Content starts

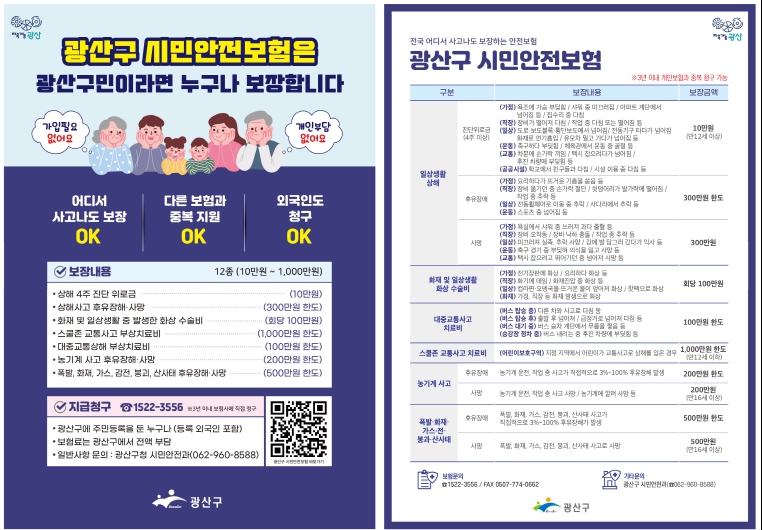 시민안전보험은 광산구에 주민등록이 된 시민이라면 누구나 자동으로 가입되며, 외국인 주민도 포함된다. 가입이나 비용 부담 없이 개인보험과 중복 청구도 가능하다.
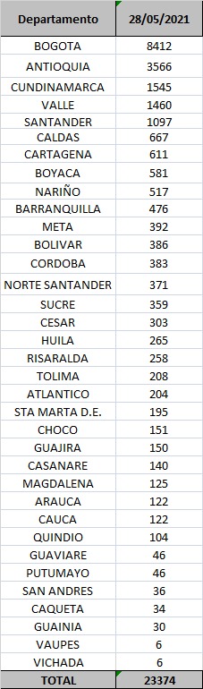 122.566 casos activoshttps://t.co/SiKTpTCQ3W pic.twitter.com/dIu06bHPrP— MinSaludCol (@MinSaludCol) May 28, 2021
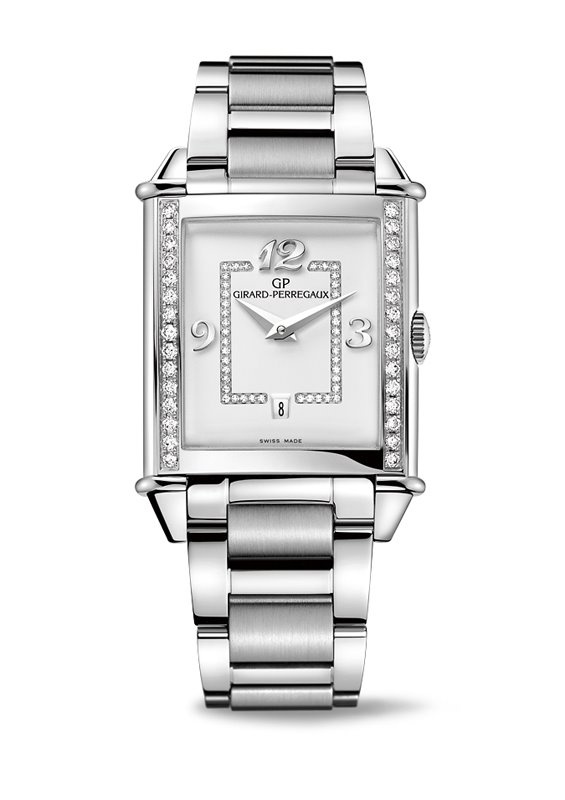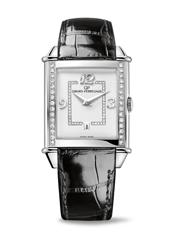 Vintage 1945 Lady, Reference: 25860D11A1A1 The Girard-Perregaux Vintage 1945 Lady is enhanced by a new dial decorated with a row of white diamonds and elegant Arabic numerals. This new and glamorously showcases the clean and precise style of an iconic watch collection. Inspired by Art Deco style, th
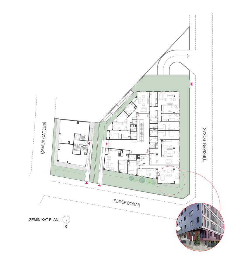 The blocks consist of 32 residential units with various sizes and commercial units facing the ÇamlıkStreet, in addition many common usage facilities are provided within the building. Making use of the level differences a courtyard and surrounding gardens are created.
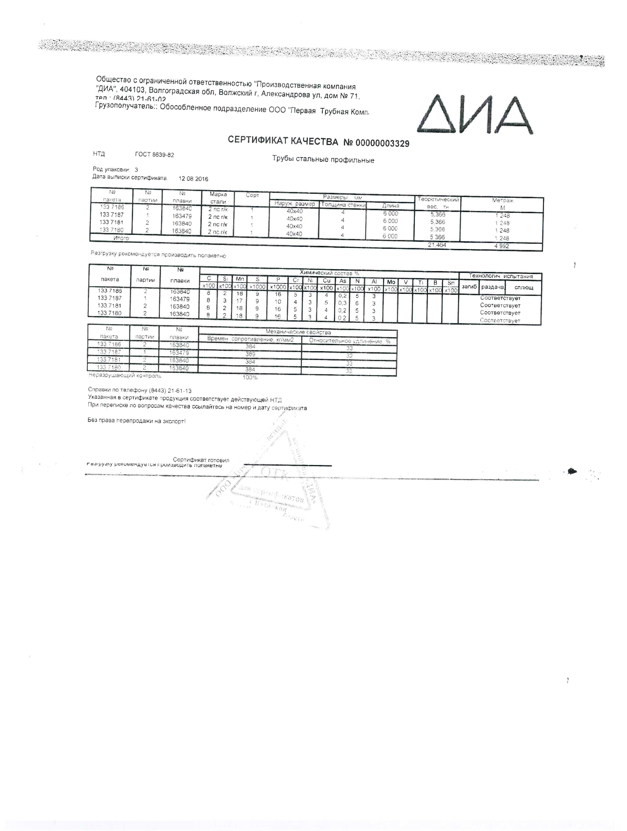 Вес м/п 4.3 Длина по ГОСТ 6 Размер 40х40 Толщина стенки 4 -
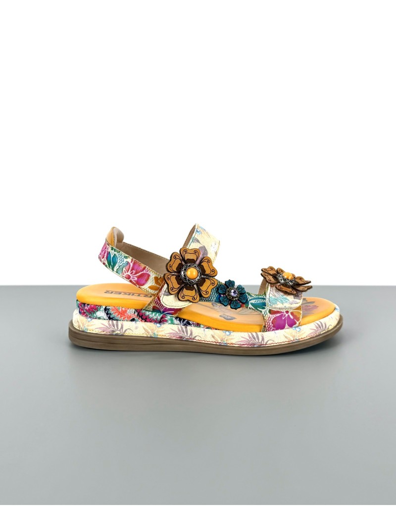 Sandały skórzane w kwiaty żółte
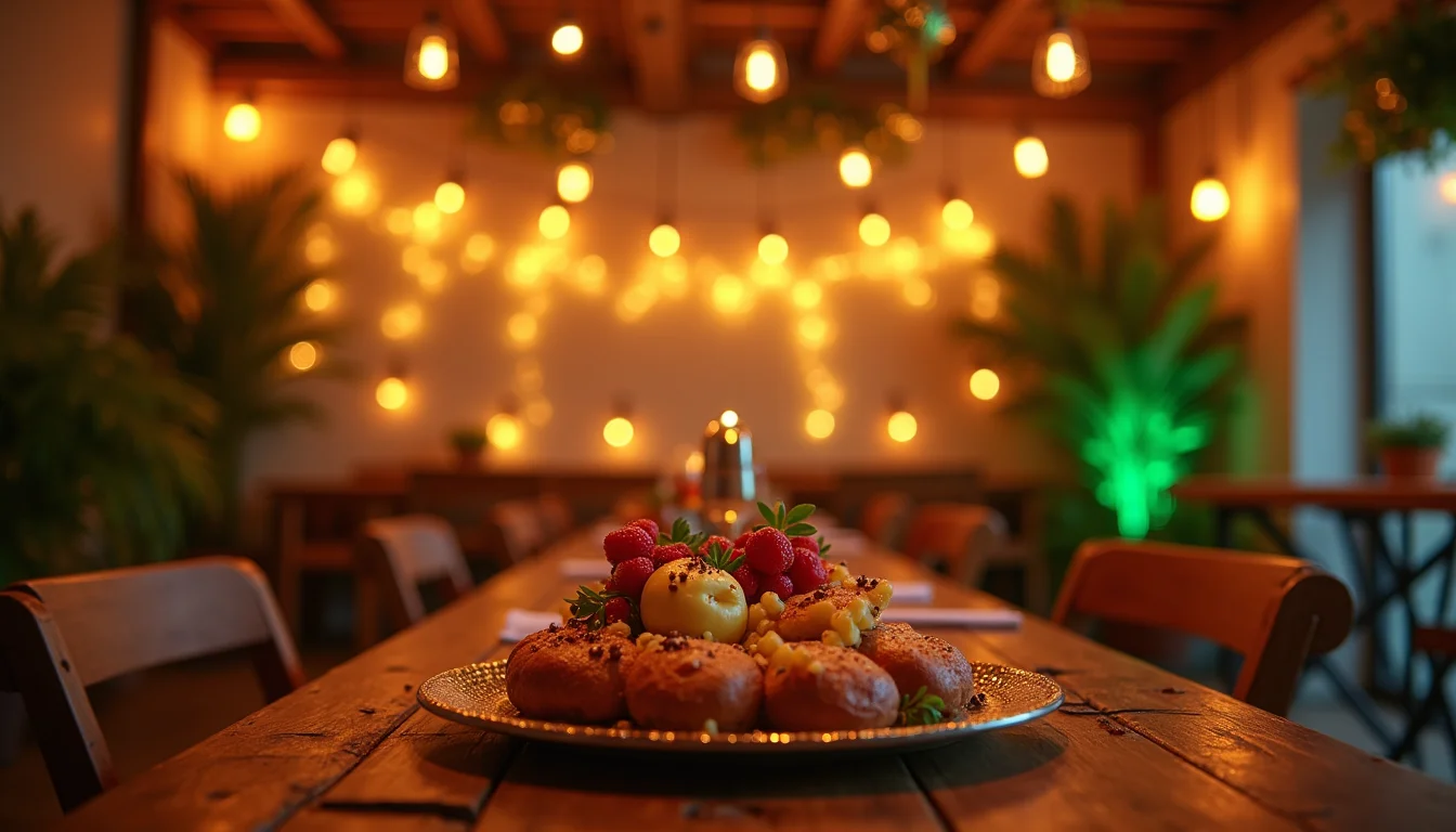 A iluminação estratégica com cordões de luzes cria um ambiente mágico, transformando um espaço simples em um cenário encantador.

Content ends

## Work to be completed
For this exercise, write out exactly the lines from the one with "Sandały skórzane w kwiaty żółte" through the last line of the records, inclusive, and leave each picture out.

## Solution for this exercise
 Sandały skórzane w kwiaty żółte
 A iluminação estratégica com cordões de luzes cria um ambiente mágico, transformando um espaço simples em um cenário encantador.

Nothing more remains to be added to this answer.